------ Extracted information ------

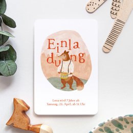 Ein kleiner Fuchs kündigt auf der Geburtstagseinladung Musikant die bevorstehende Geburtstagsparty Ihres Kindes an. Das Motiv wurde mit Liebe von unseren Designern illustriert und wird die kleinen und großen Freunde des Geburtstagskindes sicher begeistern.
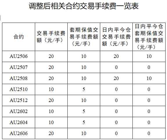 黄金期货除AU2506合约以外,6月、12月合约的往还手续费安排为20元/手,日内平今仓往还免收往还手续费连结稳定。
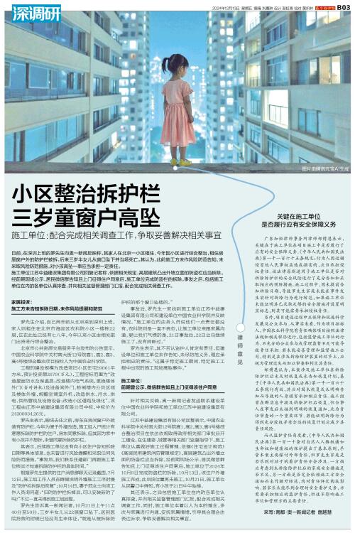 日前,在深圳上班的罗先生向奥一新闻反映称,其家人在北京一小区租住,今年因小区进行综合整治,租住房屋窗户外的防护栏被拆,后来三岁半女儿从窗口坠下并当场死亡。其认为,此前施工方未作风险防范告知、未采取
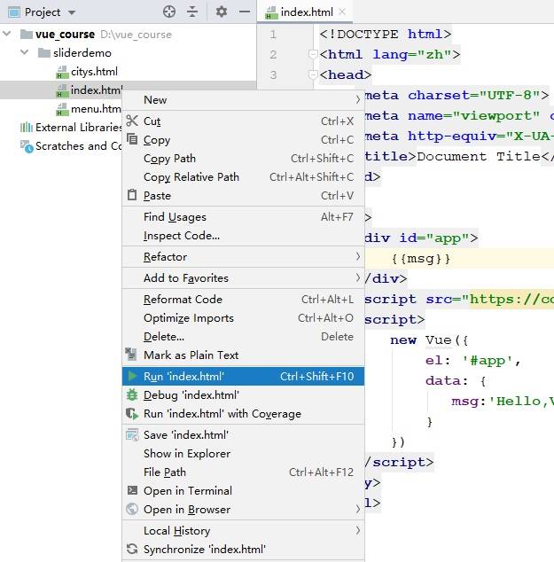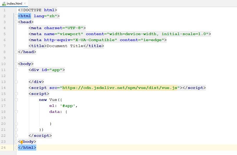 4)测试。 新建一个index.html的空白页面,输入vuehtml快捷键,按下tab键。则迅速生成vue页面框架。如下所示:
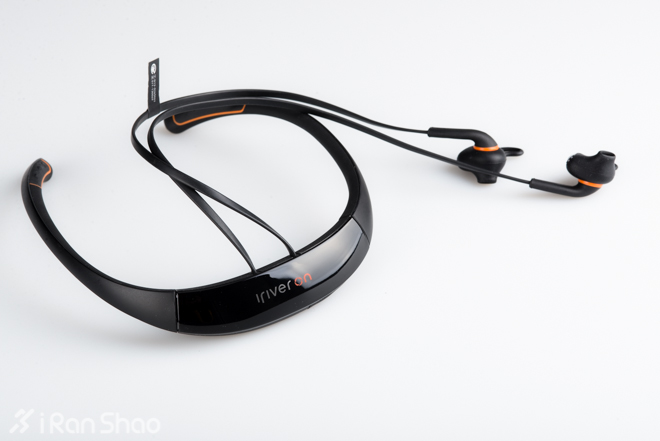 iriverOn外观设计简单明快,佩戴于颈部的通话与控制项圈通过面条小宽线与整合了传感设备的耳机相连。
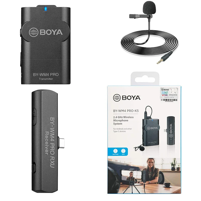 میکروفون یقه ای بویا مدل BY-WM4 Pro-K5 مجموعه دو عددی، یک سیستم حرفه ای میکروفون بیسیم ۲.۴ گیگاهرتزی است که مخصوص تولید محتوا، مصاحبه، و ضبط صدای با کیفیت طراحی شده است. این مجموعه شامل دو فرستنده (میکروفون یقه ای) و یک گیرنده است.

------

→ **Instructions for the task**
Once the line containing "iriverOn外观设计简单" has been copied, stop; everything from the first line of the data up to it must be copied exactly, without pictures.

→ **Response area**
 Ein kleiner Fuchs kündigt auf der Geburtstagseinladung Musikant die bevorstehende Geburtstagsparty Ihres Kindes an. Das Motiv wurde mit Liebe von unseren Designern illustriert und wird die kleinen und großen Freunde des Geburtstagskindes sicher begeistern.
 黄金期货除AU2506合约以外,6月、12月合约的往还手续费安排为20元/手,日内平今仓往还免收往还手续费连结稳定。
 日前,在深圳上班的罗先生向奥一新闻反映称,其家人在北京一小区租住,今年因小区进行综合整治,租住房屋窗户外的防护栏被拆,后来三岁半女儿从窗口坠下并当场死亡。其认为,此前施工方未作风险防范告知、未采取
 4)测试。 新建一个index.html的空白页面,输入vuehtml快捷键,按下tab键。则迅速生成vue页面框架。如下所示:
 iriverOn外观设计简单明快,佩戴于颈部的通话与控制项圈通过面条小宽线与整合了传感设备的耳机相连。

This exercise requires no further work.